While it’s great to give kids a say in things, too many or too big of choices can overwhelm them or put too much pressure on them. Give young children the choice between only two things. If they don’t or can’t pick between the two, don’t offer a third…
If you give children choices once, but not the next time, they naturally get frustrated and protest. Their confusion often results in them "pushing back," questioning, or refusing to comply as a way to determine where the "real" boundaries are. Adults often end up viewing this "push-back" as uncooperative or acting-out behavior when it is really just a way for children to determine the extent of their power.
If one night you say, “What do you want for dinner?” and the next night you say, “We’re having lasagna and you can’t have anything different,” they are likely to whine or protest because boundaries become confusing.
I think about what to do with this information, our confused boundaries, the fact that I’ve both asked my kids what they want for dinner and told them what they’re having many times. That given the option they want sushi, specifically from Silver Rice, with the cucumbers cut very thinly, with the soy sauce in the little plastic cup rather than in the packets and preferably not touching the wasabi. They’ve learned to be extremely particular, understand that everywhere they can ask for something, that even if I give them two choices, there’s an unending waterfall of other options they still know exists.
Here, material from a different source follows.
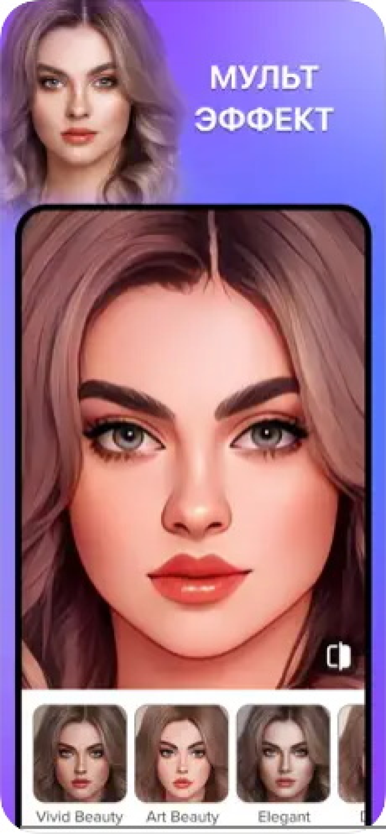 - функция изменения размера глаз, губ, изменения тона кожи, цвета волос и т.д;

I ask Ada one day if she wants to try rock climbing, and she says she does, so I sign her up, watching the calendar like a hawk for open sessions, putting in my credit card info, while also thinking about the childcare gymnastics required to take her to the climbing gym after school on a weekday. A few weeks later, when I tell her she has rock climbing after school, she says she’d never wanted to go in the first place. That she’d never agreed to it. That I’d never actually asked her. I hadn’t given her a choice. She says she’d rather do piano and she also wants to do Girl Scouts. She knows of kids who do these things and that I should sign her up.
Instead of telling her she IS going, I say I’m not sure about piano, but she could do dance or chess. Or skateboarding? I quickly recognize this is too many open doors for a six year old. Activities—and the sheer number of them on the table—feel expendable. She rolls her eyes and says, “well, actually, I don’t want to do anything. I’ll just stay home and draw.” I’ve overwhelmed her, and she’s retreating.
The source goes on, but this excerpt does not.